U.S. job growth likely advanced at a moderate pace in February, which would suggest the economy has enough momentum to withstand the blow from higher taxes and deep government spending cuts.

Employers are expected to have added 160,000 jobs to their payrolls last month, picking up slightly from January's 157,000 count, according to a Reuters survey of economists.

While that would only be enough to hold the unemployment rate steady at 7.9%, it would be another sign of the economy's fundamental health, which has already propelled the Dow Jones industrial average to record highs.

"Even though it doesn't necessary mean an acceleration in growth momentum, it suggests the economy is able to absorb the fiscal austerity," said Millan Mulraine, senior economist at TD Securities in New York.

A 2 percent payroll tax cut ended and tax rates went up for wealthy Americans on Jan. 1. In addition, $85 billion in federal budget cuts that could slice as much as 0.6 percentage point from growth this year started on March 1.

The Labor Department will release the February employment report on Friday at 8:30 a.m. (1330 GMT)

While, February's anticipated pace will be below the 177,000 jobs per month average for the six months through January, there are other hints that the labor market's tone is improving.

First-time claims for jobless benefits fell significantly in February and a report on Wednesday showed private employers hired more workers than expected that month, which led some economists to brace for an upside surprise on Friday.

A snowstorm that buried the East Coast during the survey week for the report could also have kept some workers at home, temporarily depressing the jobs tally in February.

"We are moving in the right direction, but it's just frustratingly slow," said Peter McHenry, an assistant economics professor at the College of William and Mary in Williamsburg in Virginia. "We want job growth to be large and robust, and there are still way too many people who are unemployed."

About 22.7 million Americans are either out of work or underemployed.

FED STILL IN PLAY

With employment falling far short of the roughly 250,000 jobs per month over a sustained period that economists say is needed to significantly reduce unemployment, the report will give the Federal Reserve ammunition to maintain its very accommodative monetary policy.

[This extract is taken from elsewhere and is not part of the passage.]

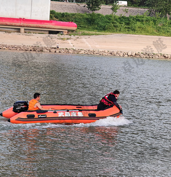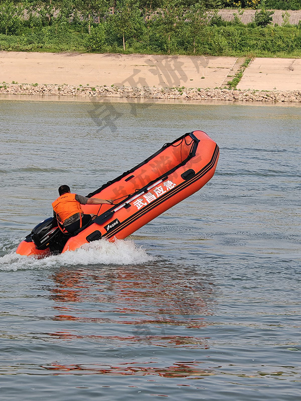 某应急管理部门为提升水域救援能力,采购了 4.7 米橘红色橡皮艇。该艇采用高强度耐磨材质,稳定性好、吃水浅,可快速投入防汛抢险、人员搜救等场景,是应急救援队伍的重要装备之一。图中为救援人员在水域开展实操演练,验证橡皮艇的动力性能与操控性,为后续应急处置工作筑牢装备基础。
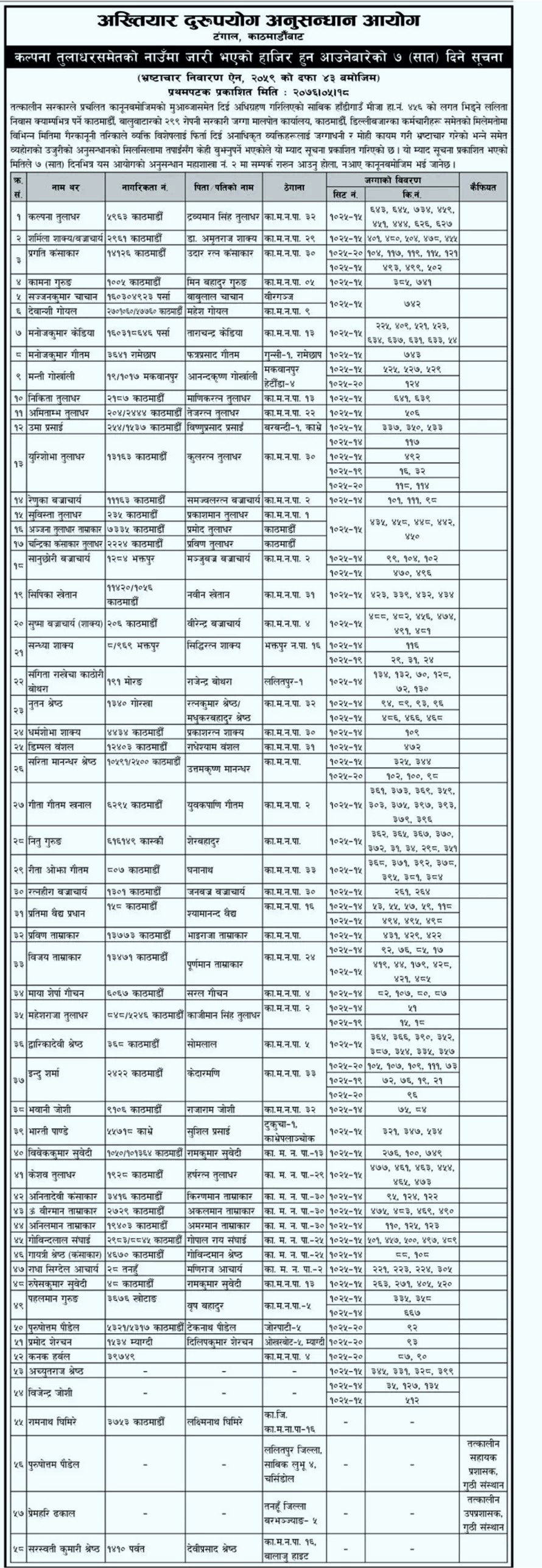 अख्तियारमा उपस्थित हुन जारी गरिएको सूचनामा कामना गुरुङ, कल्पना तुलाधर, शर्मिला शाक्य, प्रगति कंशकार, मनोज कुमार केडियालगायतका ५८ जनाको नाम छ ।

The U.S. central bank is buying $85 billion in bonds per month and has said it would keep up asset purchases until it sees a substantial improvement in the labor market outlook, a message that Fed Chairman Ben Bernanke drove home in congressional testimony last week.

Since the 2007-09 recession ended, the economy has struggled to grow above a 2 percent annual pace. In the fourth quarter, output barely expanded.

Details of the February report are expected to show broad-based gains, with construction likely the star. The sector is expected to have added at least 25,000 jobs last month. In January, construction payrolls increased 28,000, for a fourth straight month of double-digit gains.

A decisive turnaround in the housing market and rebuilding on the East Coast after the destruction wrought by Superstorm Sandy in late October is boosting jobs at construction sites.

Manufacturers likely stepped up hiring in February, although the pace is expected to still be well below what was seen early last year because of lackluster domestic demand and cooling growth overseas.

After seven straight months of gains, retail employment probably took a breather in February. Courier and messenger jobs could rebound from the previous month's drop, but may also have been depressed by the bad weather on the East Coast.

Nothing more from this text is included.